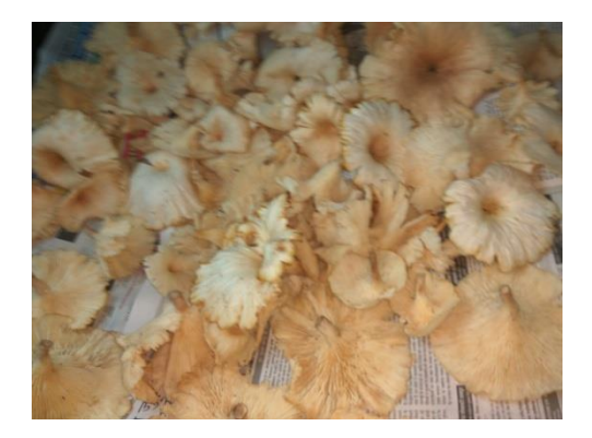
Figure 3.1: Cantharellus sp. Mushroom collected from the forest of Balaghat, Madhya Pradesh, India.

© 2012 IJFANS. All Rights Reserved, UGC CARE Listed (Group -I) Journal Volume 12, Iss 1, Jan 2023
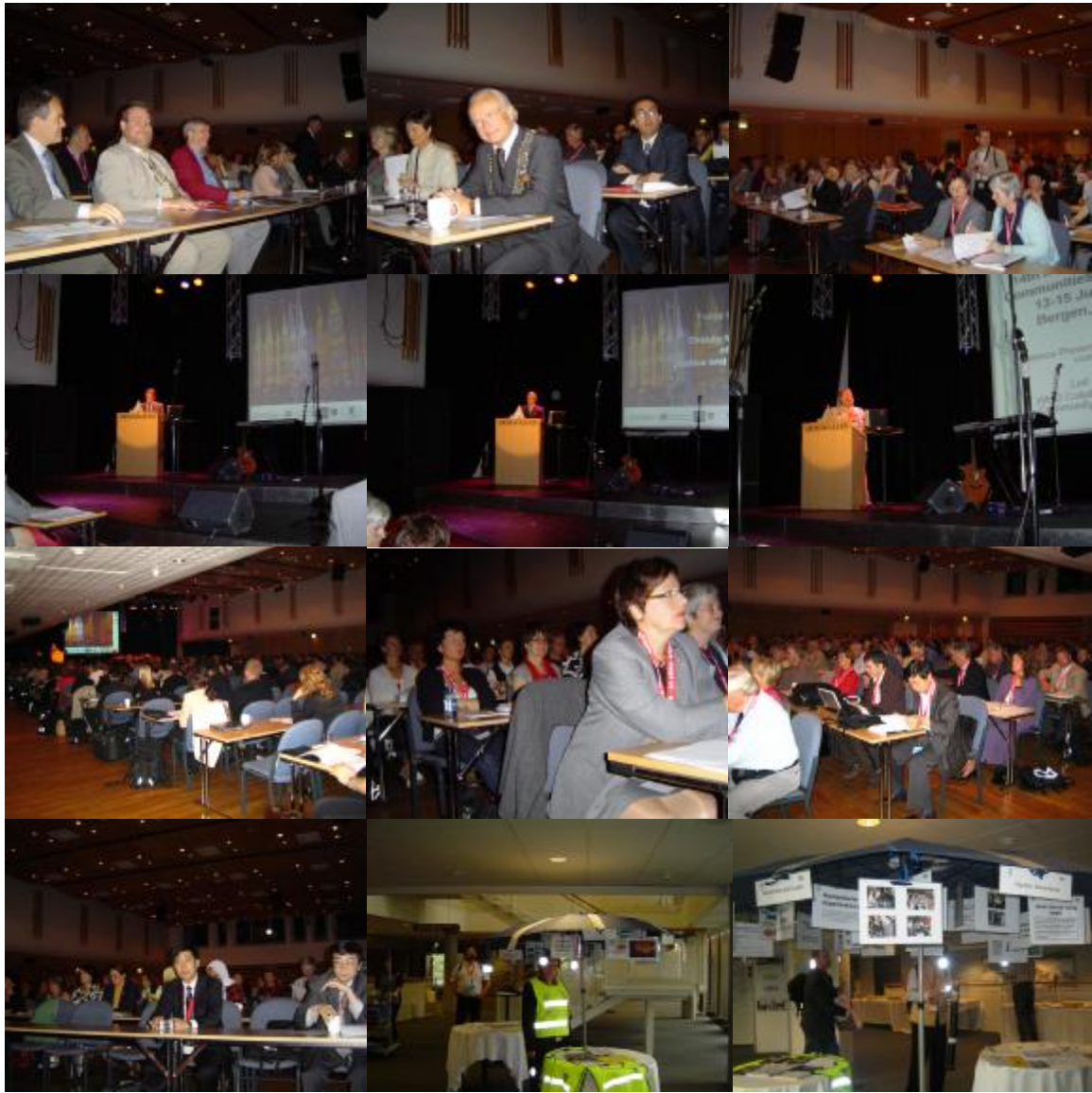
Preparations for the conference
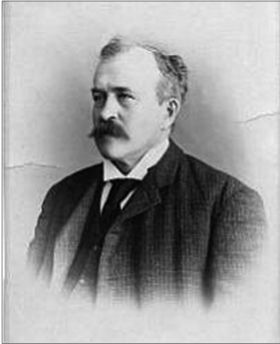
FIGURE 2-1: DR. W. F. KING. NATURAL RESOURCES CANADA .

Provided that the consent of a self-governing colony shall be required for the alteration of the boundaries thereof.
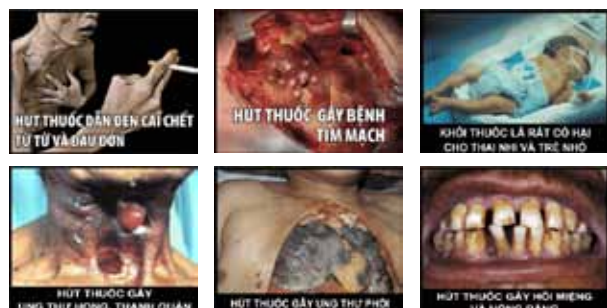
Figure 2. Pictorial health warning printed on cigarette packages in Vietnam since May 2013. From left to right, up to down: (1) Smoking leads to death slowly and painfully; (2) Smoking causes heart diseases; (3) Cigarette smoke is very harmful to fetus and young children; (4) Smoking causes throat and laryngeal cancer; (5) Smoking causes lung cancer; (6) Smoking causes bad breath and damaged tooth

As a result, WHO classified Vietnam as having the highest achievement on W-Warn about the danger of tobacco use in MPOWER package (World Health Organization, 2015a).
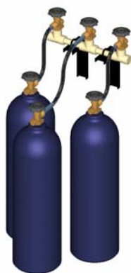
Staggered 5" on Centers
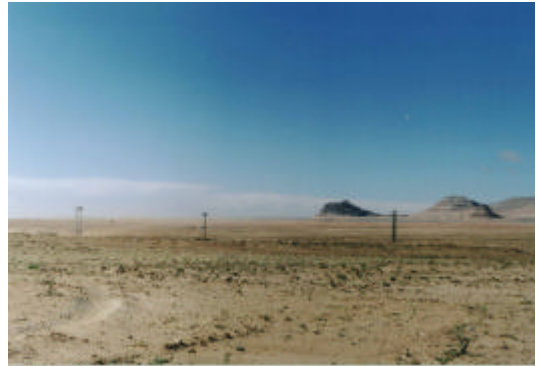
photo1: last reported breeding area at El Bayadh

MEININGER reported 4 birds in Boughzoul (LEDANT & al. 1981).
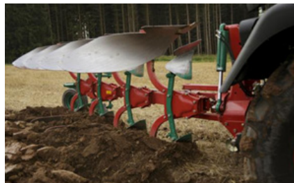
Example: turning plow

In addition, it must be noted that when welding these steels in the quenched and tempered state, tempering effects can occur in the joining zone. This can reduce the strength of the joint compared to the base material that was strongly solidified by the preceding hot-forming process.
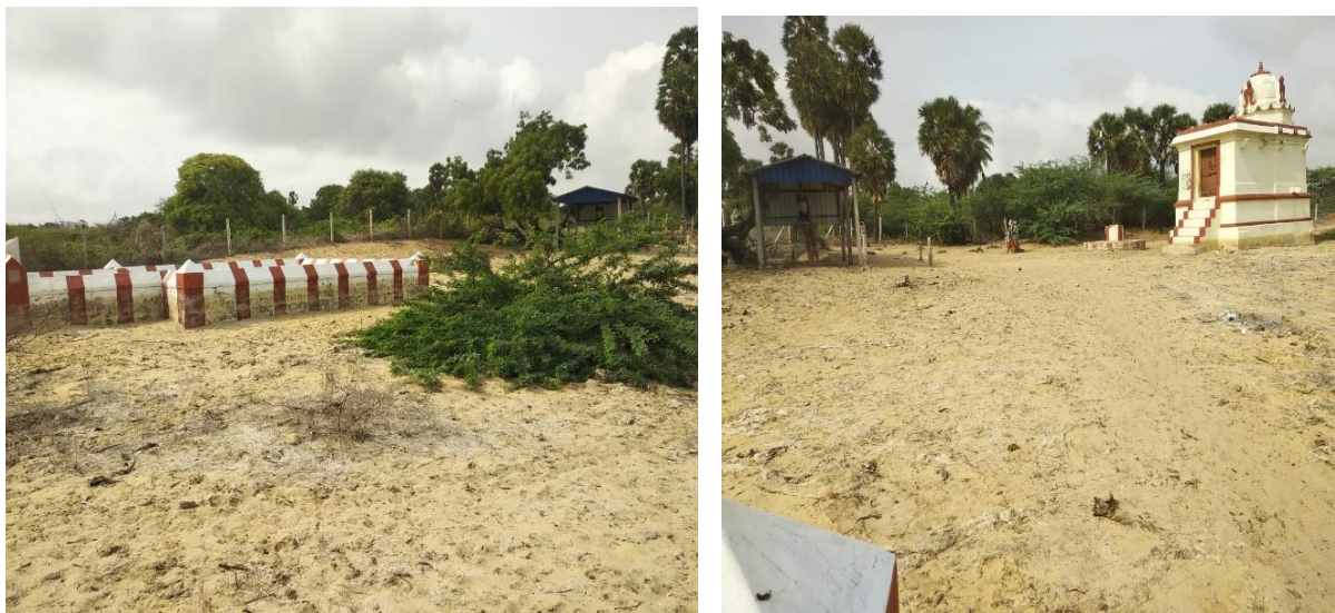
Kumutha Teertham Cleaning

Kumutha Teertham cleaning was done on August 26th, 2020 with the support of Hand in Hand India Waste Management Team. They also cleaned the Ayyanar Temple surroundings.
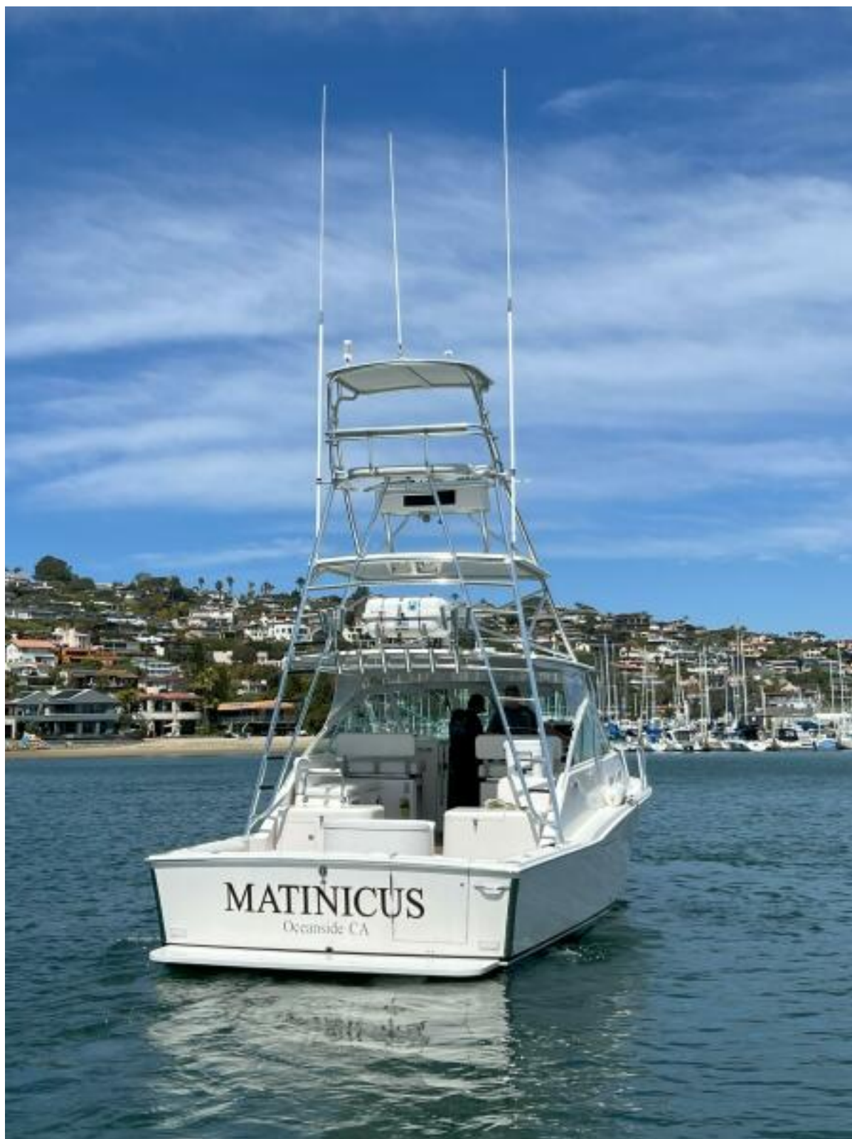
2004 Cabo 35 Express - MANTINICUS
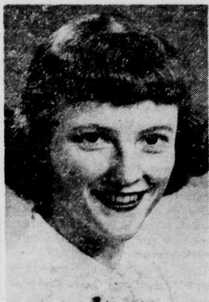
SARAH TURNBULL AWS President

Composed of representatives from each living organization is the AWS congress under the jurisdic-
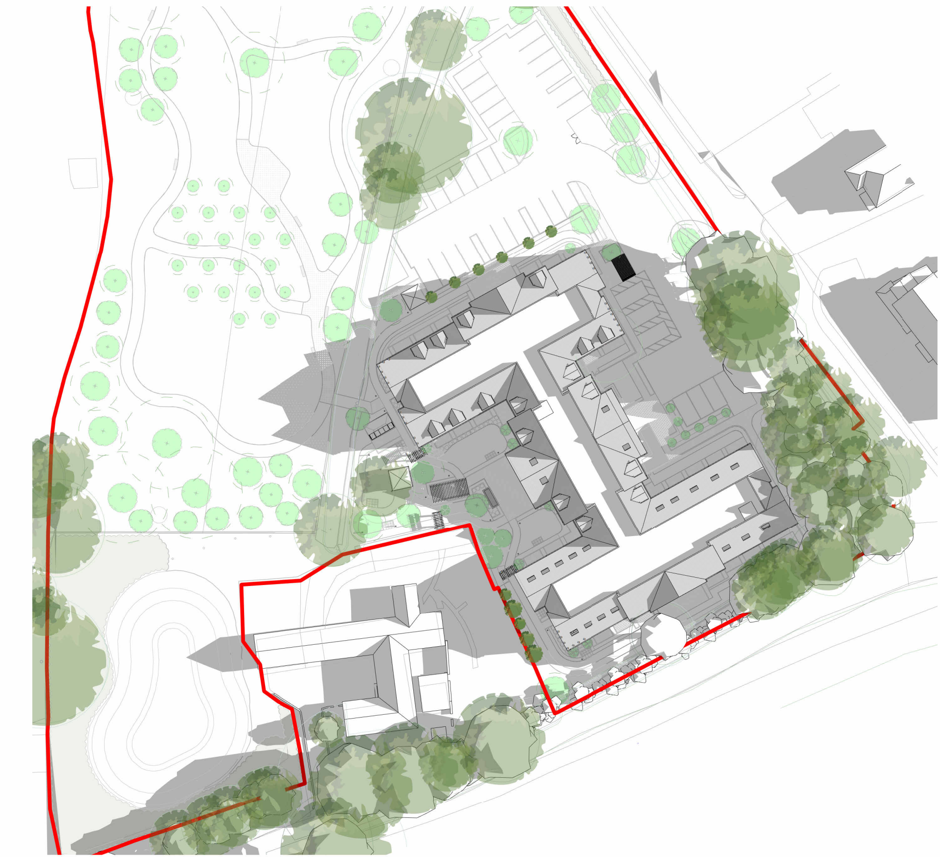
Solar Study - June 0700 hrs 1 : 600
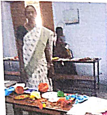
Thoothukudi, Tamil Nadu, India 2, Coats Nagar, Subbiah Puram, Thoothukudi, Ta India Lat 8.794795° Long 78.128945° 08/10/21 03:06 PM
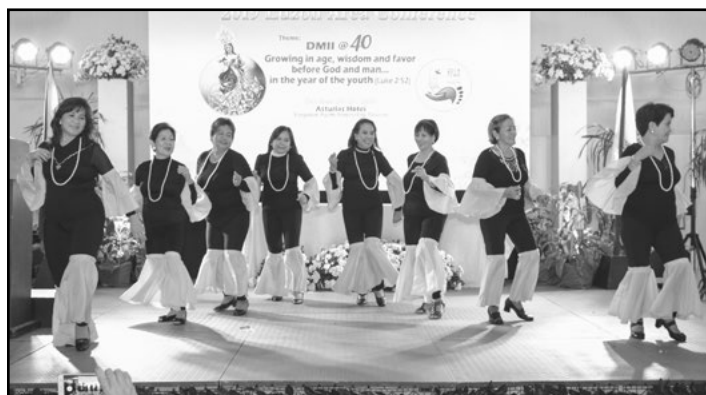
. . . and DMI sisters of the Diocese of San Pablo
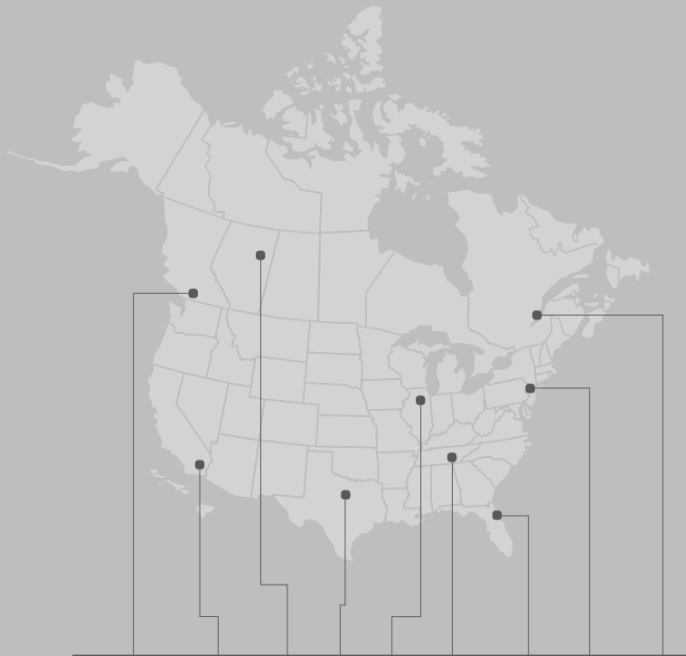
BRITISH COLUMBIA • CALIFORNIA • ALBERTA • TEXAS • ILLINOIS • TENNESSEE • FLORIDA • NEW JERSEY • QUEBEC
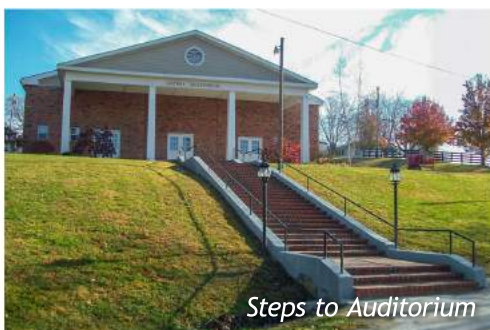
Steps to Auditorium
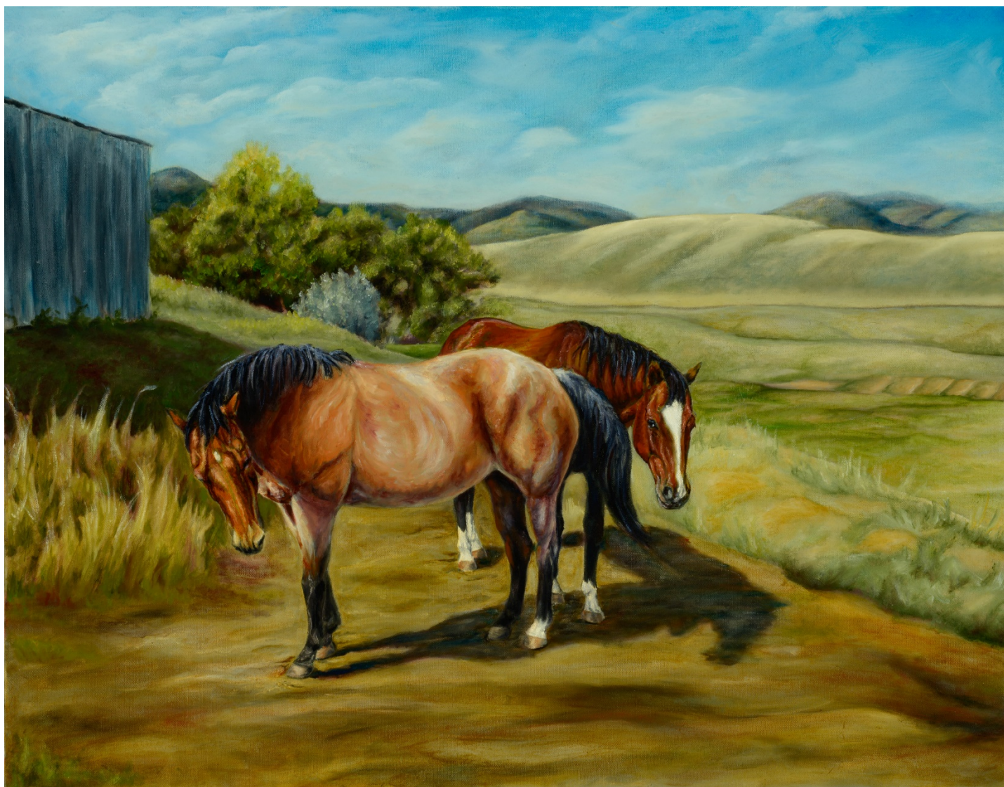
Figure 6: Red Road Westbound

***

Retype exactly, and only, the lines from the one containing "photo1: last reported" through the end of the material, leaving aside every picture.

• **SOLUTION TO THIS PROBLEM**
photo1: last reported breeding area at El Bayadh

MEININGER reported 4 birds in Boughzoul (LEDANT & al. 1981).
Example: turning plow

In addition, it must be noted that when welding these steels in the quenched and tempered state, tempering effects can occur in the joining zone. This can reduce the strength of the joint compared to the base material that was strongly solidified by the preceding hot-forming process.
Kumutha Teertham Cleaning

Kumutha Teertham cleaning was done on August 26th, 2020 with the support of Hand in Hand India Waste Management Team. They also cleaned the Ayyanar Temple surroundings.
2004 Cabo 35 Express - MANTINICUS
SARAH TURNBULL AWS President

Composed of representatives from each living organization is the AWS congress under the jurisdic-
Solar Study - June 0700 hrs 1 : 600
Thoothukudi, Tamil Nadu, India 2, Coats Nagar, Subbiah Puram, Thoothukudi, Ta India Lat 8.794795° Long 78.128945° 08/10/21 03:06 PM
. . . and DMI sisters of the Diocese of San Pablo
BRITISH COLUMBIA • CALIFORNIA • ALBERTA • TEXAS • ILLINOIS • TENNESSEE • FLORIDA • NEW JERSEY • QUEBEC
Steps to Auditorium
Figure 6: Red Road Westbound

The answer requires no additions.